The imbalanced harmony of the illusive alliance between Athens and Sparta after the loss and recovery of Amphipolis is why we can’t overstate the significance of Thucydides’s banishment. He signals this right after he transcribes the treaty; his famous “second preface” (5.26.1) hits the reset button on the greatest war of Western history. It’s no accident that his individual self emerges most forcefully at this moment. Amphipolis is thus the central political allegory of the Peloponnesian War, stressing the need to coordinate the high and low elements of the Hellenic world. Thucydides emerges in the middle. Embodying the same dialectic, he thinks through the dynamics and cycles of politics and war during his exile from Attica, an exile in which he spent much of his time among Peloponnesians. Thucydides’s “in-between” self comes to embody the combination of Cleon and Brasidas. At the same time, the individual author is now the hinge of human events, not as an agent with motives and passions, like those in Homer or Herodotus, but as a political concept—i.e., a citizen capable of reason, dialogue, analysis, and decision:
I lived through the whole of it when I was of an age to appreciate what was going on and could apply my mind to an exact understanding of things. It so turned out that I was banished from my own country for twenty years after the Amphipolis campaign and thus had the time to study matters more closely, and as a consequence of my exile I had access to activities on both sides, not least to those of the Peloponnesians. I will therefore now relate the differences that arose after the ten-year war and the collapse of the treaty, and then the subsequent course of the war. (5.25.5–6)
Thucydides’s final reference to himself in the context of the struggle between elites and populists occurs when he witnesses the resurgence of an ideal government at Athens. It’s a rare case of domestic harmony: “And for the first time, in my life at any rate, the Athenians appear to have enjoyed good government, with a moderating balance between the few and the many, and this was the thing that first began to lift the city out of its sorry state” (8.97.2). Seven pages later, in Jeremy Mynott’s Cambridge edition, the text ends with a flurry of symbolic gestures as Tissaphernes, a Persian satrap, confronts Spartans with whom his relations are strained: “He therefore resolved to go to the Hellespont to meet the Peloponnesians, both in order to complain about what had happened and to defend himself as plausibly as he could against the various charges made against him … Stopping first at Ephesus he made sacrifice to Artemis …” (8.109). Mynott suspects this sudden ending is deliberate: “So the work ends with a Persian sacrificing in Asia to a Panhellenic Greek goddess, whose core identity has been defined as ‘a concern with transitions and transitional marginal places … and marginal situations’ (OCD, p. 183)” (580n1). Oxford classicist David Lewis objects to overinterpreting the bivalence of Artemis and Persia.

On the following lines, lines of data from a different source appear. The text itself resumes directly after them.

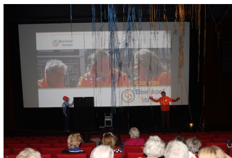
Resultaat van het slingerkanon
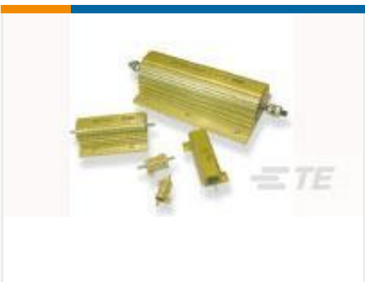
TE 产品编号1-1630019-4 HSC200 2K4 5%
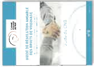
Pour en savoir plus : Amiable des bruits de voisinage - mai 2020. https://www.bruit.fr/maires/particuliers/Ressources/Guides/Cnb/guide-cnb-resolution-amiable-mhb.pdf

Le maire doit fournir aux intéressés les coordonnées des conciliateurs de justice, ainsi que leurs horaires de permanence s'ils en font la demande ( et. www.conciliateurs.fr ).

I’m with Mynott. A sacrifice to Artemis on the way to meet Spartans near Troy has the ring of an eternal return, akin to the unspoken myth of Theseus killing the Minotaur at Crete with the help of Ariadne (see 1.4–8, 2.15). The transitional sacrifice after Thucydides witnesses political harmony at Athens is the ideal moment to exit the labyrinth of human events. Thucydides stops writing because both the lesson and the cycle are complete. Social stability and personal security require an unequal equilibrium between the high and the low. The alternatives are anarchy and war.
[More from Eric Clifford Graf: “Reforming the Humanities in Florida”]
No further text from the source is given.